• [Task description] Beginning at the line containing "Sylvie me glisse", repeat each line below exactly up to and including the line containing "- Vyberte možnosť". Do not repeat the pictures.

Records supplied below:

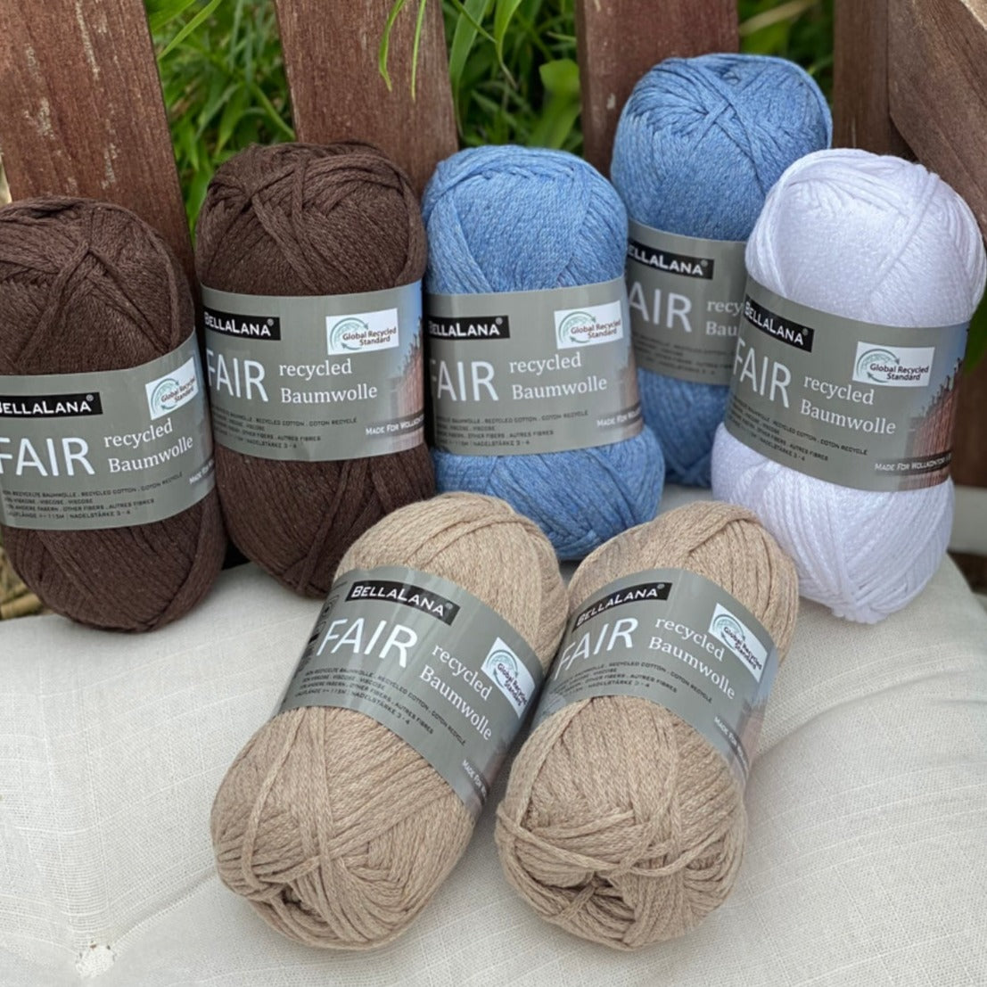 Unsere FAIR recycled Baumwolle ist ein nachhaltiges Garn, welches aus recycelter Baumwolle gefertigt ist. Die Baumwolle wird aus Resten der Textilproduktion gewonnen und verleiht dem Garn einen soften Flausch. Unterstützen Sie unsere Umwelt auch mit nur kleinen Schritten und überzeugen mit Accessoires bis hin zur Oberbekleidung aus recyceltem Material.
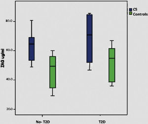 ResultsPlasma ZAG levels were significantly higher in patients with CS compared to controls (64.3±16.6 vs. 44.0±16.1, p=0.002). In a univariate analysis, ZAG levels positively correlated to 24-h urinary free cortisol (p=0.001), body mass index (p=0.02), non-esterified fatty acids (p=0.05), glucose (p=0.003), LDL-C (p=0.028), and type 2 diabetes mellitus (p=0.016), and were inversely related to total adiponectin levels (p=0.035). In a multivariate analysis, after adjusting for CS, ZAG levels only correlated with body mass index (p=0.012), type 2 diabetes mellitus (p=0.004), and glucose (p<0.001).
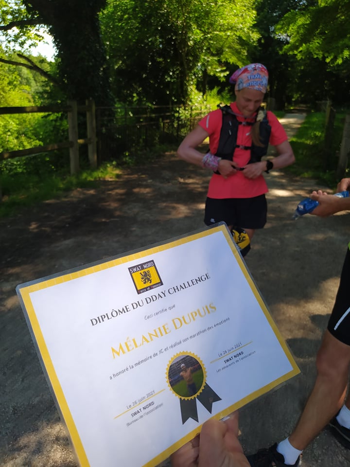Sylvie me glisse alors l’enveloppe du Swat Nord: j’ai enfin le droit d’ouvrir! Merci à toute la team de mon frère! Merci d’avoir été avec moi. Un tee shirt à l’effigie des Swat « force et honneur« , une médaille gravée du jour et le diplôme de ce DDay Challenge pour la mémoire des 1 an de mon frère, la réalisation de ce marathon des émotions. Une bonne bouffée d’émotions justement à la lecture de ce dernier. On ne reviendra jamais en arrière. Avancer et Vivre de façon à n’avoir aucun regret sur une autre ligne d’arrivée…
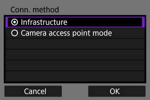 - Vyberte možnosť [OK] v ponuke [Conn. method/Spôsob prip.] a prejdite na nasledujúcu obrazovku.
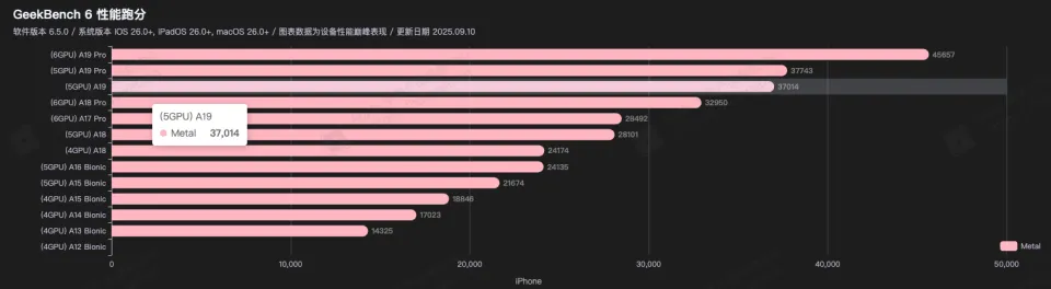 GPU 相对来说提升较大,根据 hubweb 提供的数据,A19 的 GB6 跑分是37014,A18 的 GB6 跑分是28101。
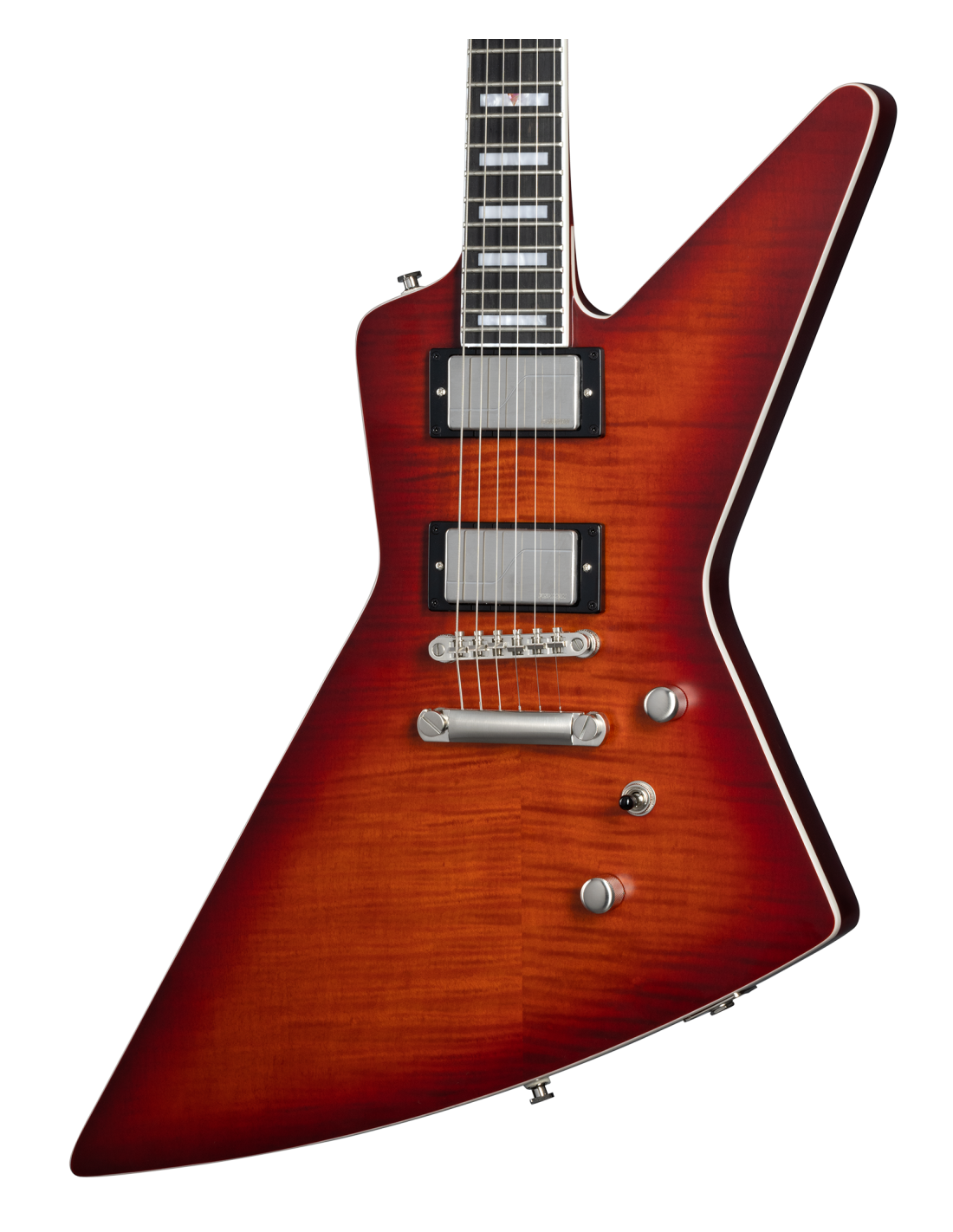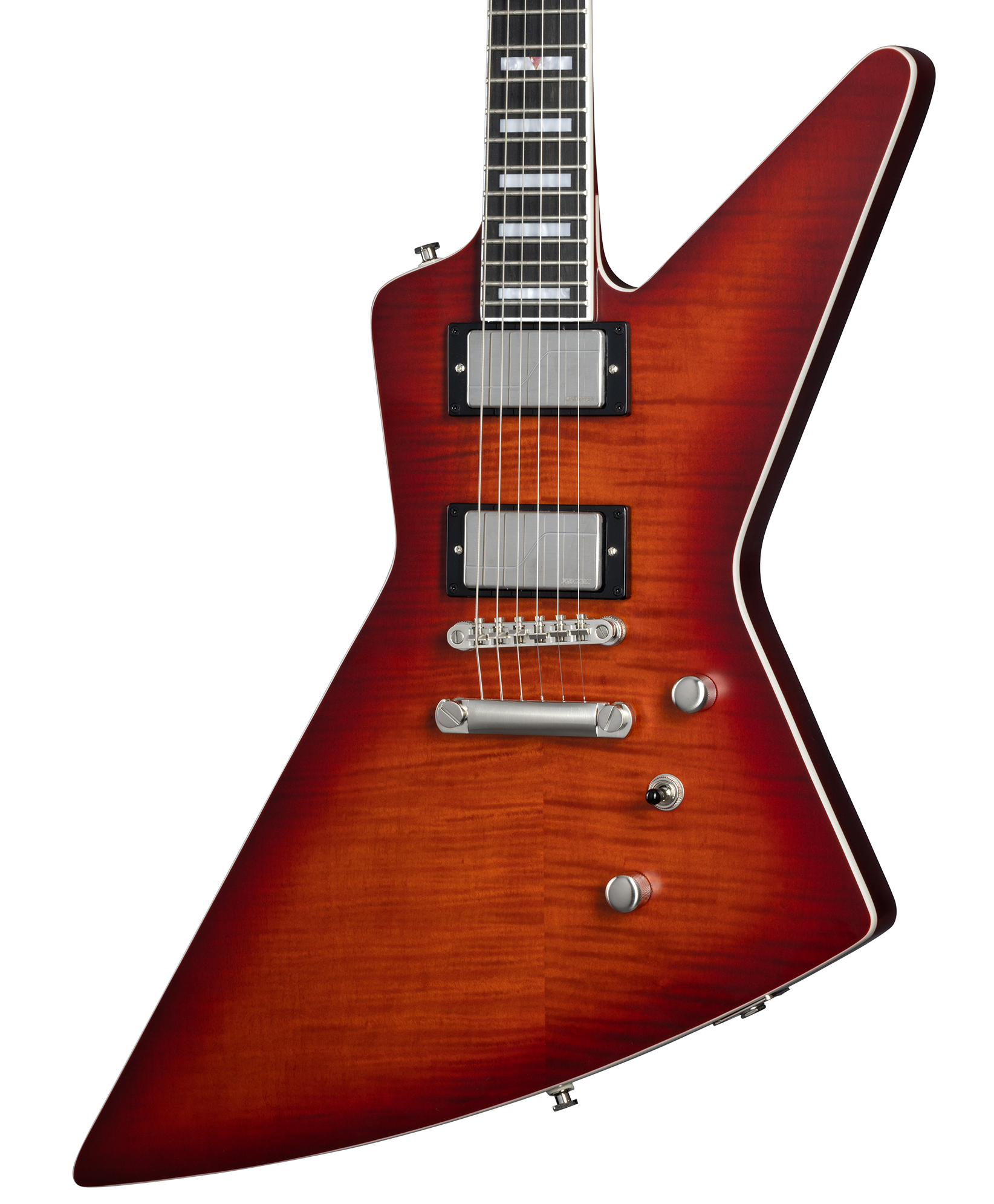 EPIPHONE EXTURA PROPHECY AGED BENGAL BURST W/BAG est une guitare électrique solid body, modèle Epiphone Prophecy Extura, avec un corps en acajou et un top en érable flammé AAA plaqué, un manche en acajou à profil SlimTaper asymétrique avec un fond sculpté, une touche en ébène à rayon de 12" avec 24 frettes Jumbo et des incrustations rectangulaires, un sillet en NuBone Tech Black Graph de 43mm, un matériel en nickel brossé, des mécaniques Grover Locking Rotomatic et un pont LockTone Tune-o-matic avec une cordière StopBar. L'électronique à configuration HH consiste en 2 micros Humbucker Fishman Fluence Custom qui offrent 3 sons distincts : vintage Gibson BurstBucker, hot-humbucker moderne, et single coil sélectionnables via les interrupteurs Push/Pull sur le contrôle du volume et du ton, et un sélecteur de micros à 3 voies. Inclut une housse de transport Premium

End of Records supplied.

• [Exercise response]
Sylvie me glisse alors l’enveloppe du Swat Nord: j’ai enfin le droit d’ouvrir! Merci à toute la team de mon frère! Merci d’avoir été avec moi. Un tee shirt à l’effigie des Swat « force et honneur« , une médaille gravée du jour et le diplôme de ce DDay Challenge pour la mémoire des 1 an de mon frère, la réalisation de ce marathon des émotions. Une bonne bouffée d’émotions justement à la lecture de ce dernier. On ne reviendra jamais en arrière. Avancer et Vivre de façon à n’avoir aucun regret sur une autre ligne d’arrivée…
 - Vyberte možnosť [OK] v ponuke [Conn. method/Spôsob prip.] a prejdite na nasledujúcu obrazovku.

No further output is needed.